Wayshrines are shrines built to honor the Divines, most often built at sanctified sites far from civilization. Many of these holy sites were chosen by the devout due to specific miracles or blessed events that marked them, though others simply inspire feelings of reverence. It is theorized that each wayshrine corresponds to a star in the sky, acting as a conduit between Mundus and Aetherius. Indeed, it is commonly believed that the souls of the dead are drawn to the nearest wayshrine for spiritual escort to the afterlife. Wayshrines vary from culture to culture, built to reflect local religious beliefs and to honor the most prominent regional Divines. The only consistent feature appears to be a central brazier or basin. The practice of building wayshrines has been present on Tamriel since time immemorial and even extends into the various realms of Oblivion.
Argonian wayshrines are perhaps the most ancient, built in the early Merethic Era in the same style as the ancient Argonian xanmeers. The stonework used to create these structures has been lost to time, forgotten even by the Hist. Each of the major races of Tamriel have a distinct style of construction, generally reminiscent of the regional architecture. Even in Valenwood, where dwellings are generally shaped from living wood in accordance with the Green Pact, ancient crude shrines built from large monolithic slabs of rock are found. It is unknown who built them, as both the Bosmer and Ayleids seemed to be unlikely candidates, and the engravings were seemingly meaningless apart from theories that they were made in devotion to Y'ffre. In the depths of Coldharbour, menacing wayshrines built from cold iron and dedicated to Molag Bal can be found.
Wayshrines have historically been associated with various religious rites and rituals. The Snow Elf shrines found in the Forgotten Vale of Skyrim were dedicated to Auri-El, and initiates of the Chantry of Auri-El would ceremoniously fill a ewer with water from each of the wayshrines' basins. Using Snow Elf teleportation magic, these wayshrines also served as a basic portal network throughout the vale, although they were magically sealed for a time following the death of their respective prelates.
The various wayshrines found throughout Cyrodiil were dedicated to the Nine Divines. Crusaders and worshippers traditionally performed a pilgrimage to a wayshrine of each Divine to be absolved of sin. In 3E 433, the Divines allowed the spirit of Pelinal Whitestrake to speak with a pilgrim who had prayed at each shrine in order to stop the reincarnation of Umaril the Unfeathered. The pilgrim went on to mantle Whitestrake's position as the Divine Crusader.

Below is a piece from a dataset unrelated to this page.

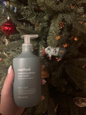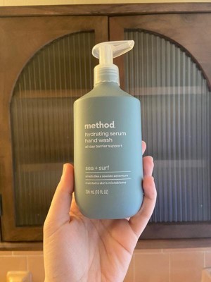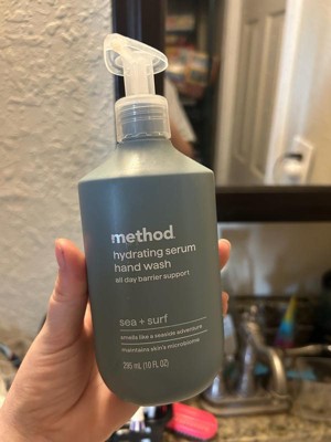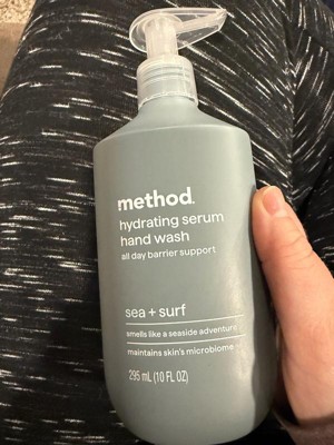 [This review was collected as part of a promotion.] I was gifted this product in exchange for my opinions. Method Hydrating Hand Serum is a great hand soap especially during the harsh winter months. I’d recommend this product to any who has to wash their hands often it doesn’t dry your skin out and leaves you feeling clean and hydrated almost as if you just applied lotion. The consistency when the product comes out is almost like a gel/lotion feel. It takes a couple seconds of scrubbing before bubbles form before that it just feels like rubbing in a nourishing lotion. I absolutely love this product and how my hands feel so soft after like I’ve used a face moisturizer, but on my hands. I received the scent sea + surf and it reminds me of the California coast. The scent is not overpowering, but it is long lasting on your hands which doesn’t bother me. The pump is easy to push down and I have no trouble doing it one handed. Packing seems sturdy and easy to recycle or reuse. I was gifted this, but I will definitely be repurchasing. The price point is on par with what I’d expect so it’s a good value for a product I find really useful. Been using it about a month now and wash my hands frequently and haven’t run out yet. Makes washing your hands feel like a luxurious experience almost!

As first theorized by Corvus Direnni, the wayshrines create an interconnected "web of sojourn" which could be manipulated to create a permanent portal network. In order to do this, the "fast traveler" would have to attune himself to each wayshrine in order to create a "node". However, to test this theory the potential traveler would have to unmoor his soul from the Mundus. This theory was proven correct during the time of the Planemeld, when a number of Soul Shriven escaped from Coldharbour. These soulless mortals, animated by a Daedric vestige and formed from chaotic creatia, were capable of using the wayshrines in this manner. Attunement to a wayshrine involved the lighting of a cold flame (or regular fire) in the central brazier. Along with smaller common shrines, the wayshrines also allowed these Soul Shriven who had been re-attuned to Anuic magic to reform in death, being reborn at the nearest shrine instead of being banished to the Void like a Daedra.
The wayshrine web of sojourn is similar in function to a Transitus Network, a teleportation network also based on flaming braziers but usable by regular mortals.[verification needed — what specific event?]